Appear on nearly every call. First-priority cache target.
Highest possible hit rate.

4.2 CLAUDE.md / rule files

Fixed at the project level — identical across all calls in a project.
1-hour cache fits long sessions.

4.3 Tool catalogs

MCP server defs, function-calling schemas.
A frequently changing catalog breaks the cache — apply caching after stabilization.

4.4 Frequent static context

Design docs, data dictionaries, code style guides.
Push changing parts to the back, keep static parts at the front under cache.

Don't cache: - Per-user / per-session data. - Per-call timestamps and random IDs. - Very small contexts (<1K tokens). Cache overhead absorbs the savings.

5. Anthropic vs. OpenAI

Item	Anthropic	OpenAI
Activation	Explicit (`cache_control`)	Automatic
Hit rate	base × 0.1	base × 0.5 (model-dependent)
Write multiplier	1.25× (5-min), 2.0× (1-hour)	No additional cost
TTL	5-min / 1-hour	Per model (typically 5–10 min)
Block boundary	Marked explicitly	Automatic (1024+ token prefix)

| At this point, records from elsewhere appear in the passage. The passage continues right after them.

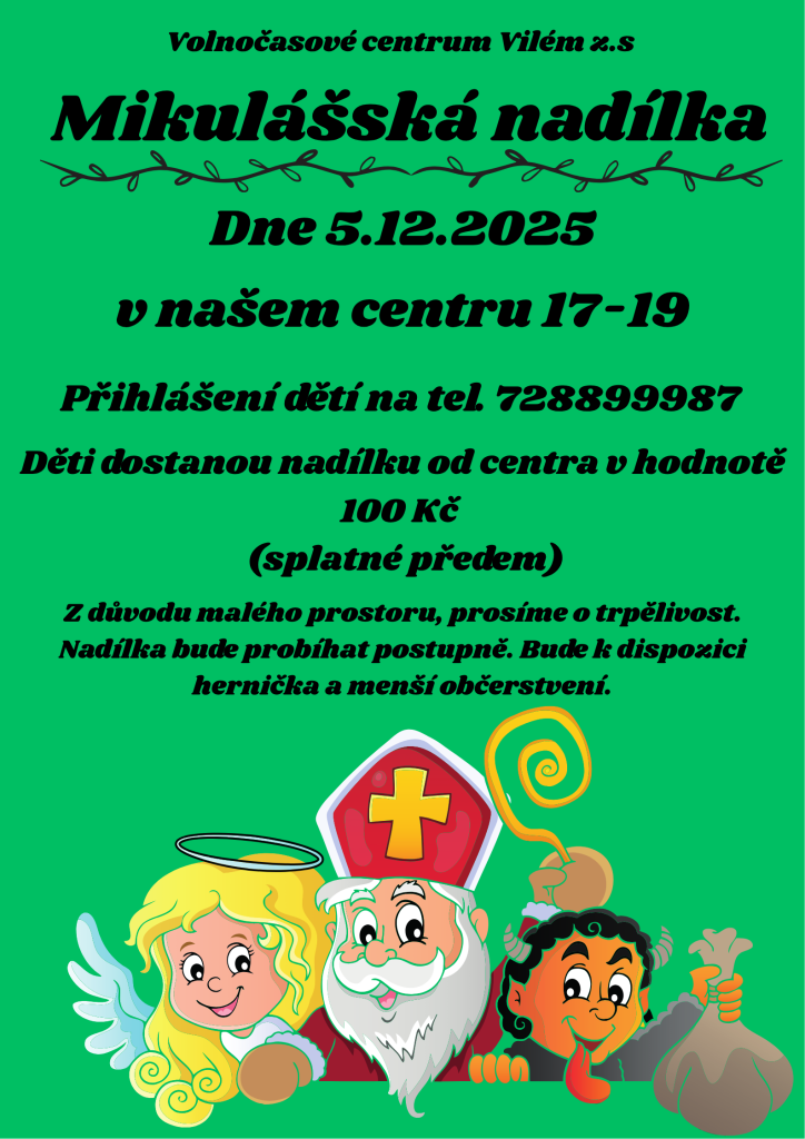 Dne 5. 12. 2025 v centru Vilém (bývalé zdravotní středisko) od 17-19 hod. Přihlášení dětí na tel. 728 899 987. Děti dostanou nadílku od centra v hodnotě 100 Kč, splatné předem. Volnočasové Centrum Vilém z.s.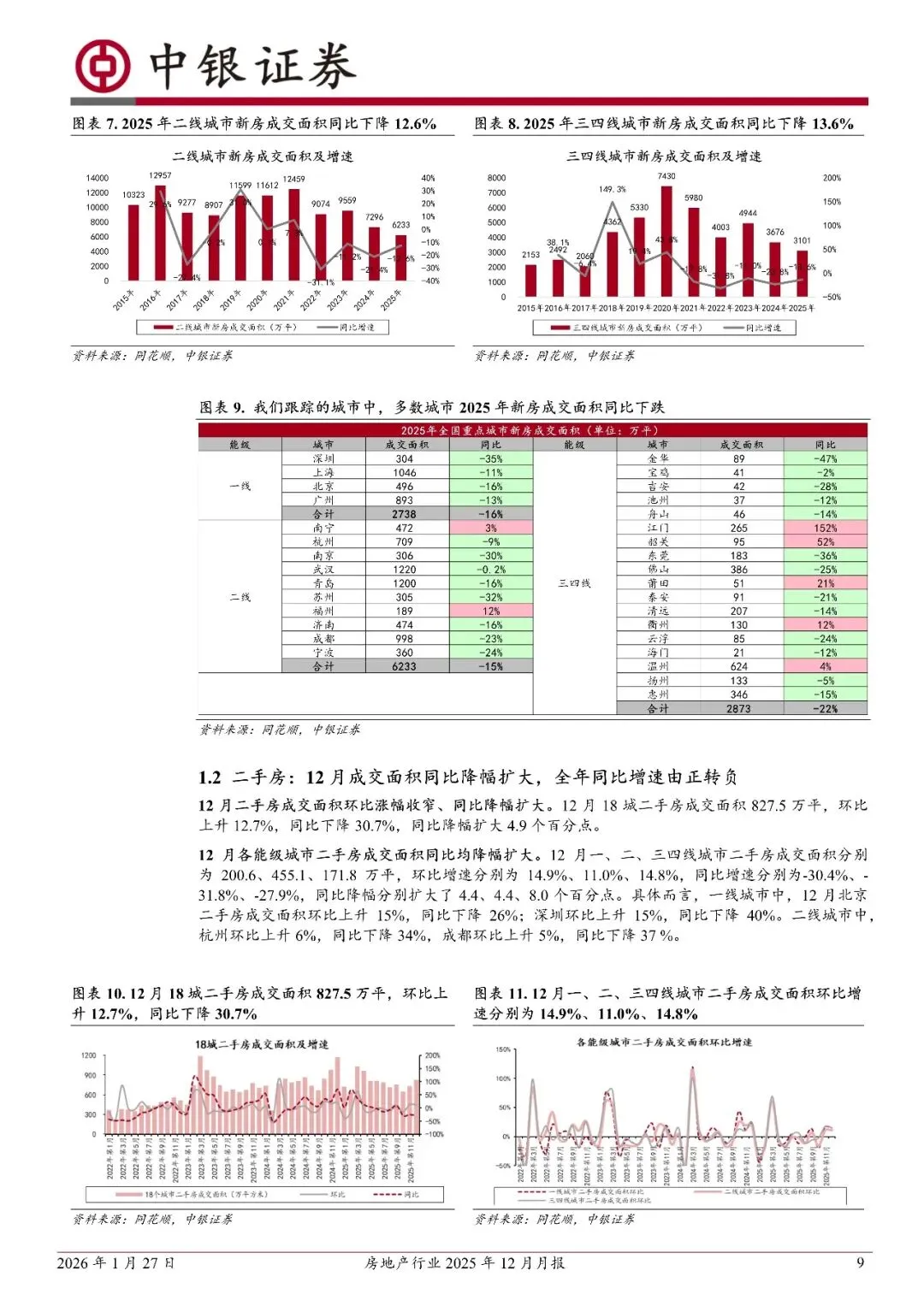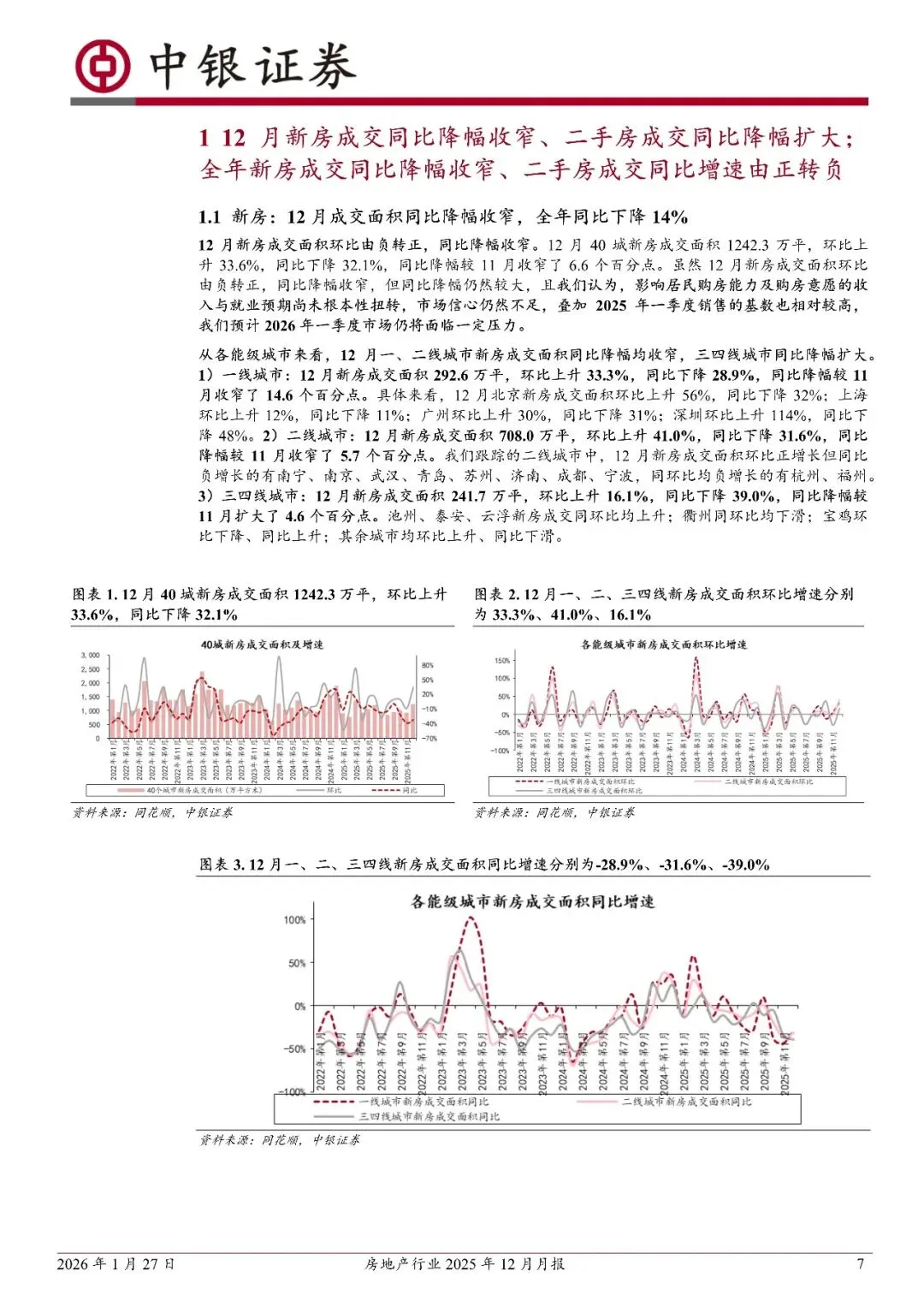 房地产行业2025年12月月报:12月新房成交同比降幅收窄,二手房降幅扩大;全年新房成交同比降幅收窄,二手房同比增速由正转负-260127-中银证券-36页
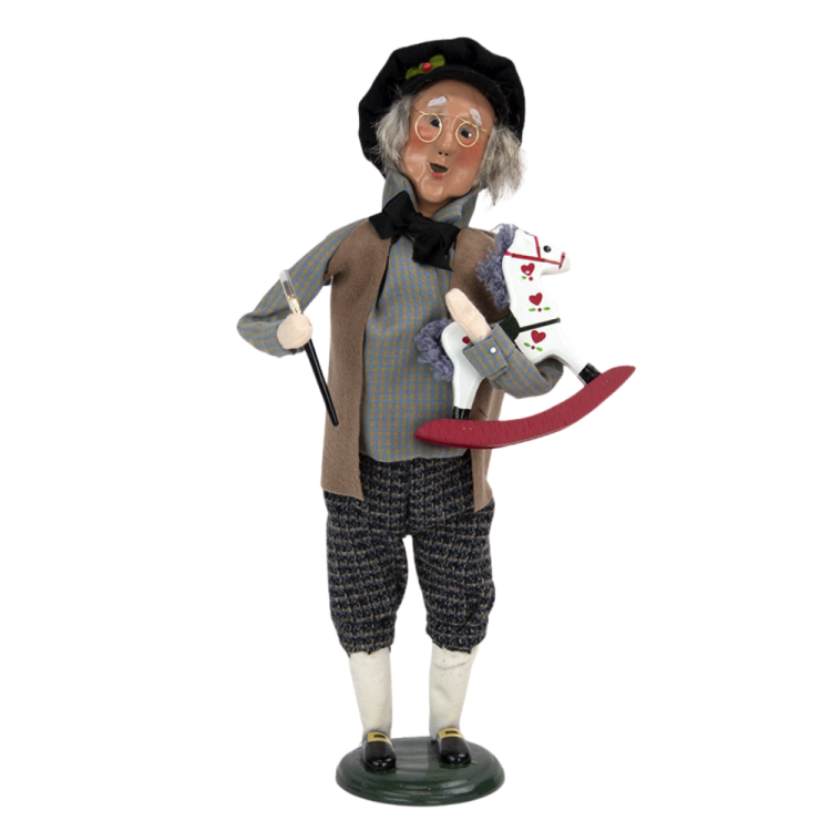 Santa’s elves couldn’t do it any better. This happy gentleman could easily be a helping hand to Santa’s long toy wish list. Adorable rocking horse and brush add a terrific accent to this new piece to build on to your Byers Choice Caroler collection.

Choosing: - Anthropic gives a deeper discount when you can fully control hit rate. - OpenAI's automatic caching is safer for volatile workloads.

6. Debugging cache misses

If caching seems inactive, check:

Front of block changed: does the block start differ each call? (Timestamps in the front are a frequent culprit.)
Block size: <1024 tokens disables caching.
TTL expired: did calls space out beyond TTL?
Reorder: cache misses if cache-block order changed. Verify whether tool definitions auto-reorder.
Model swap: cache shares only within the same model.

Metric: compare usage.cache_read_input_tokens vs usage.cache_creation_input_tokens in the API response. Hit rate = read / (read + creation).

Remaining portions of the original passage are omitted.